[Exercise] Exact retyping of the data: please keep every word and drop each picture.
START Source data
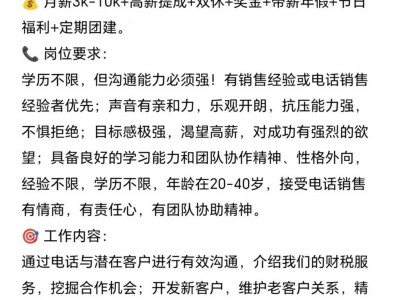【急聘】财税电话销售 公司主要做代理记账,公司和个体注册注销,资质证件办理,银行社保开户、生产许可证、税务异常解除等相关业务的。 月薪3k-10k+高薪提成+双休+奖金+带薪年假+节日福利+定期团建。 岗位要求: 学历不限,但沟通能力必须强!有销售经验或电话销售经验者优先;声音有亲和力,乐观开朗,抗压能力强,不惧拒绝;目标感极强,渴望高薪,对成功有强烈的欲望;具备良好的学习能力和团队协作精神、性格外向,经验不限,学历不限,年龄在20-40岁,接受电话销售有情商,有责任心,有团队协助精神。 O工作内容: 通过电话与潜在客户进行有效沟通,介绍我们的财税服务,挖掘合作机会;开发新客户,维护老客户关系,精准记录客户需求,并与顾问团队协作,为客户提供解决方案;收集市场信息,不断优化销售话术和技巧。工作地点:导航搜索领路会计 高薪资+简单氛围+晋升快!欢迎加入!
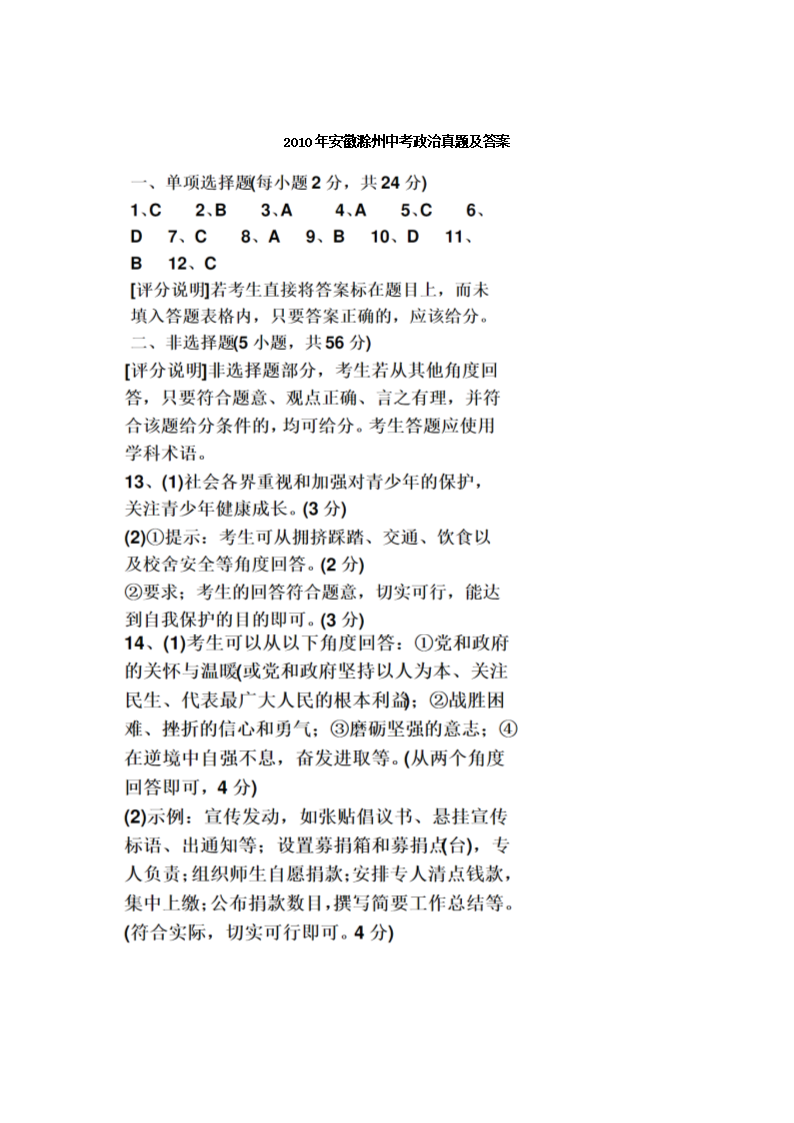 【文档名称】 2010年安徽滁州中考政治真题及答案(Word版).doc
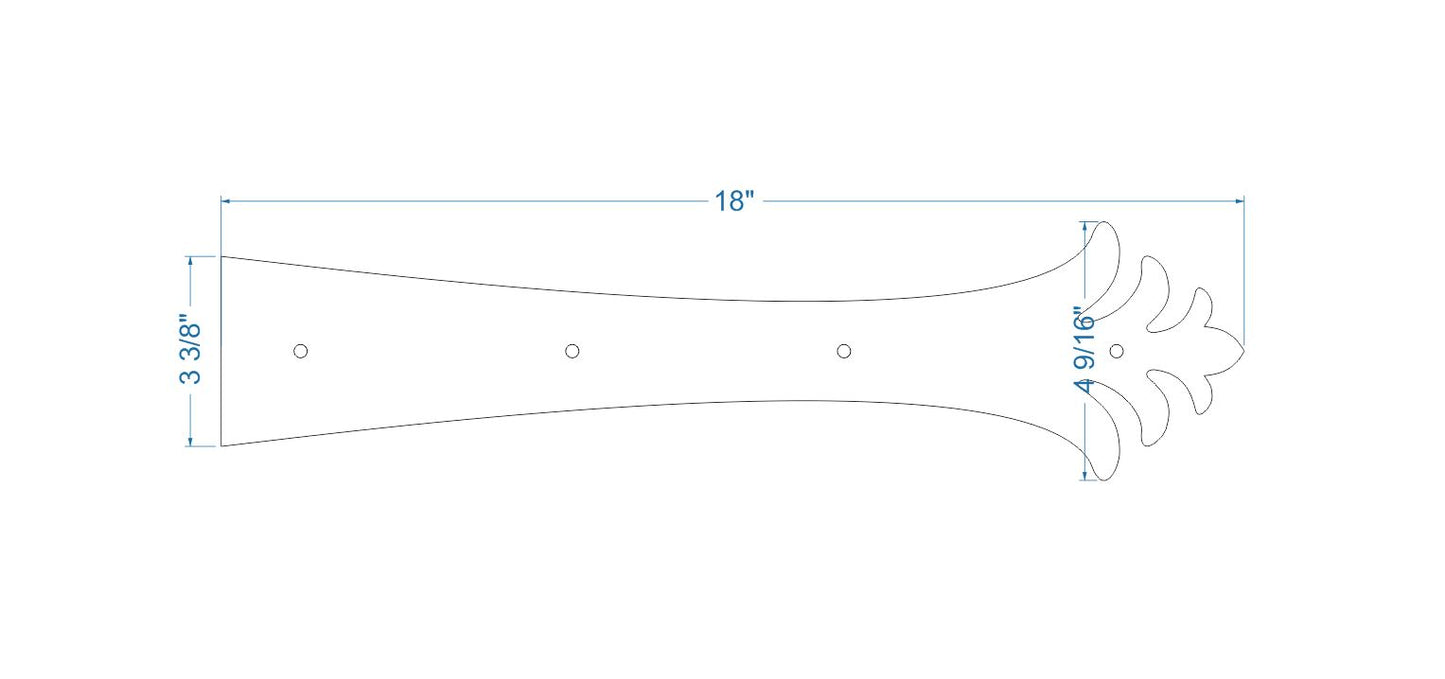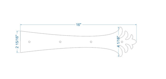 Greek Corinthian iron hinge strap is from the Greek Corinthian period and evolves into the Roman style. This slender and sleek leaf-like design accentuates a Mediterranean and Coastal/ Tropical style. This design is also compatible with Art Nueveau, Retro, Eclectic, Moroccan, and Asian.
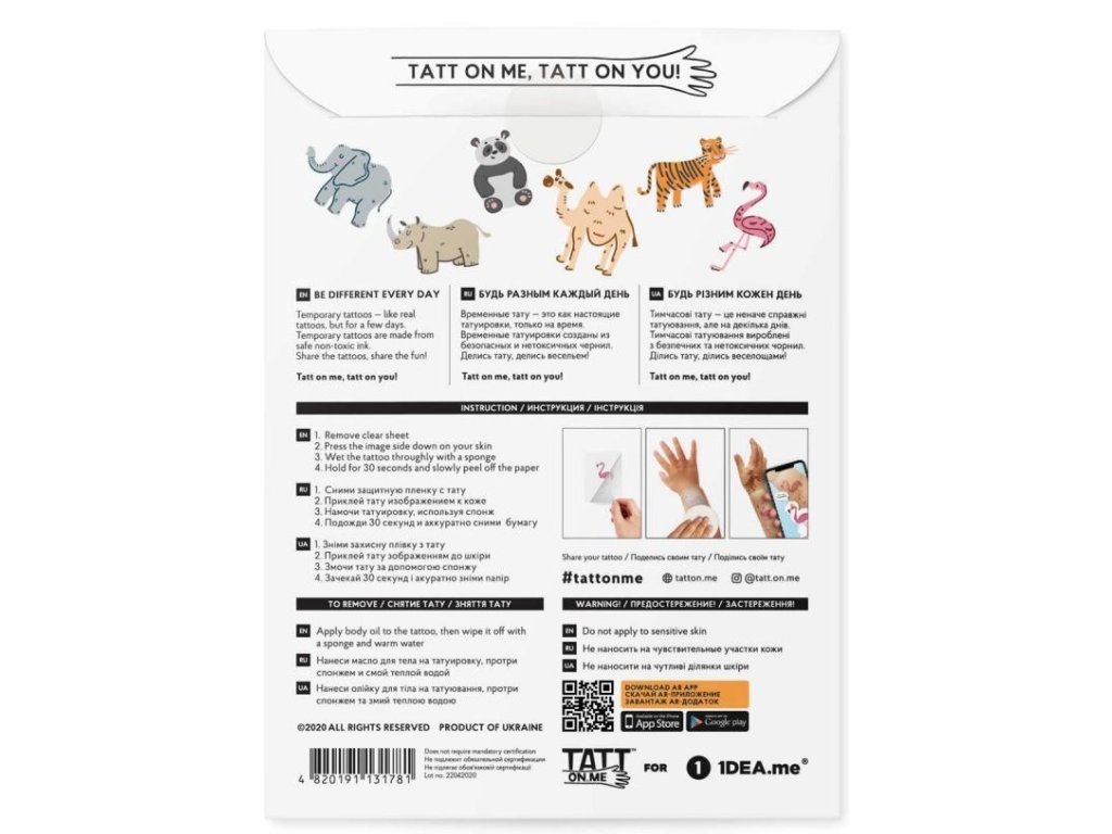 Hľadáte ešte niečo zaujímavejšie, ako bežné tetovanie pre deti? Živé tetovačky to vyriešia za vás! Ste dnes Panda, Tiger, Plameniak, Slon, Nosorožec alebo Ťava? Hrajte a učte sa s ázijskými živými tetovaniami zvierat. AR kolekcia ekologických tetovačiek so zvieratkami zo všetkých kútov sveta.
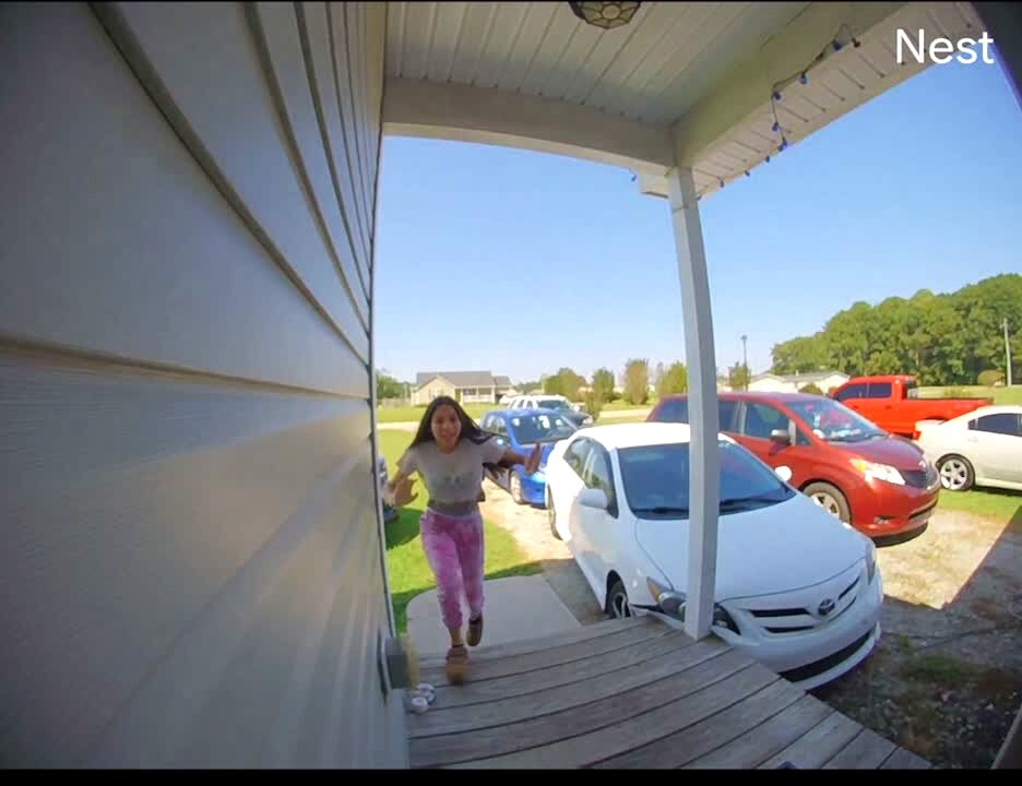 A teen girl turns on a car and drives it forward into another car on a driveway, and the front car crashes into the porch. Security footage.
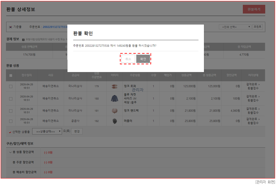 · 환불 진행 재확인 사용설정
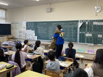 撮影後は、6年生の各クラスで子どもたちとふれ合っていただきました。6年生にとっても良い思い出になったと思います。
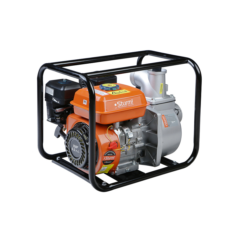 Sturm BP-80 – высокопроизводительная универсальная бензиновая мотопомпа для домашнего, жилищно-коммунального или строительного применения. Имеет классическую компоновку: двигатель и насос смонтированы внутри прочной усиленной трубчатой рамы, страхующей основные узлы от случайных повреждений, при транспортировке. Мотопомпа оснащается четырехтактным бензиновым двигателем рабочим объемом 196 см3 (мощность 5 кВт / 6,5 л. с.) с верхним расположением клапанов (OHV) и воздушным охлаждением. Благодаря ряду технических решений: коленчатому валу повышенной прочности и усиленной цилиндро-поршневой группе, силовой агрегат надежен и неприхотлив в использовании. На модели Sturm BP-80 установлен самовсасывающий насос центробежного типа, обеспечивающий высокую максимальную производительность 1100 л / мин – один из лучших показателей среди мотопомп аналогичной мощности. Агрегат способен осуществлять забор жидкости с глубины до 8 метров, что позволяет выкачивать воду из достаточно глубокого колодца или скважины, и демонстрирует высоту подъема (напор) жидкости – 30 метра. Модель проста в обслуживании и эксплуатации и не требует от пользователя каких-либо специальных навыков. Рекомендуемое топливо – бензин АИ-92. Запуск агрегата производится с помощью ручного стартера.
END Source data
[Task answer]
【急聘】财税电话销售 公司主要做代理记账,公司和个体注册注销,资质证件办理,银行社保开户、生产许可证、税务异常解除等相关业务的。 月薪3k-10k+高薪提成+双休+奖金+带薪年假+节日福利+定期团建。 岗位要求: 学历不限,但沟通能力必须强!有销售经验或电话销售经验者优先;声音有亲和力,乐观开朗,抗压能力强,不惧拒绝;目标感极强,渴望高薪,对成功有强烈的欲望;具备良好的学习能力和团队协作精神、性格外向,经验不限,学历不限,年龄在20-40岁,接受电话销售有情商,有责任心,有团队协助精神。 O工作内容: 通过电话与潜在客户进行有效沟通,介绍我们的财税服务,挖掘合作机会;开发新客户,维护老客户关系,精准记录客户需求,并与顾问团队协作,为客户提供解决方案;收集市场信息,不断优化销售话术和技巧。工作地点:导航搜索领路会计 高薪资+简单氛围+晋升快!欢迎加入!
 【文档名称】 2010年安徽滁州中考政治真题及答案(Word版).doc
 Greek Corinthian iron hinge strap is from the Greek Corinthian period and evolves into the Roman style. This slender and sleek leaf-like design accentuates a Mediterranean and Coastal/ Tropical style. This design is also compatible with Art Nueveau, Retro, Eclectic, Moroccan, and Asian.
 Hľadáte ešte niečo zaujímavejšie, ako bežné tetovanie pre deti? Živé tetovačky to vyriešia za vás! Ste dnes Panda, Tiger, Plameniak, Slon, Nosorožec alebo Ťava? Hrajte a učte sa s ázijskými živými tetovaniami zvierat. AR kolekcia ekologických tetovačiek so zvieratkami zo všetkých kútov sveta.
 A teen girl turns on a car and drives it forward into another car on a driveway, and the front car crashes into the porch. Security footage.
 · 환불 진행 재확인 사용설정
 撮影後は、6年生の各クラスで子どもたちとふれ合っていただきました。6年生にとっても良い思い出になったと思います。
 Sturm BP-80 – высокопроизводительная универсальная бензиновая мотопомпа для домашнего, жилищно-коммунального или строительного применения. Имеет классическую компоновку: двигатель и насос смонтированы внутри прочной усиленной трубчатой рамы, страхующей основные узлы от случайных повреждений, при транспортировке. Мотопомпа оснащается четырехтактным бензиновым двигателем рабочим объемом 196 см3 (мощность 5 кВт / 6,5 л. с.) с верхним расположением клапанов (OHV) и воздушным охлаждением. Благодаря ряду технических решений: коленчатому валу повышенной прочности и усиленной цилиндро-поршневой группе, силовой агрегат надежен и неприхотлив в использовании. На модели Sturm BP-80 установлен самовсасывающий насос центробежного типа, обеспечивающий высокую максимальную производительность 1100 л / мин – один из лучших показателей среди мотопомп аналогичной мощности. Агрегат способен осуществлять забор жидкости с глубины до 8 метров, что позволяет выкачивать воду из достаточно глубокого колодца или скважины, и демонстрирует высоту подъема (напор) жидкости – 30 метра. Модель проста в обслуживании и эксплуатации и не требует от пользователя каких-либо специальных навыков. Рекомендуемое топливо – бензин АИ-92. Запуск агрегата производится с помощью ручного стартера.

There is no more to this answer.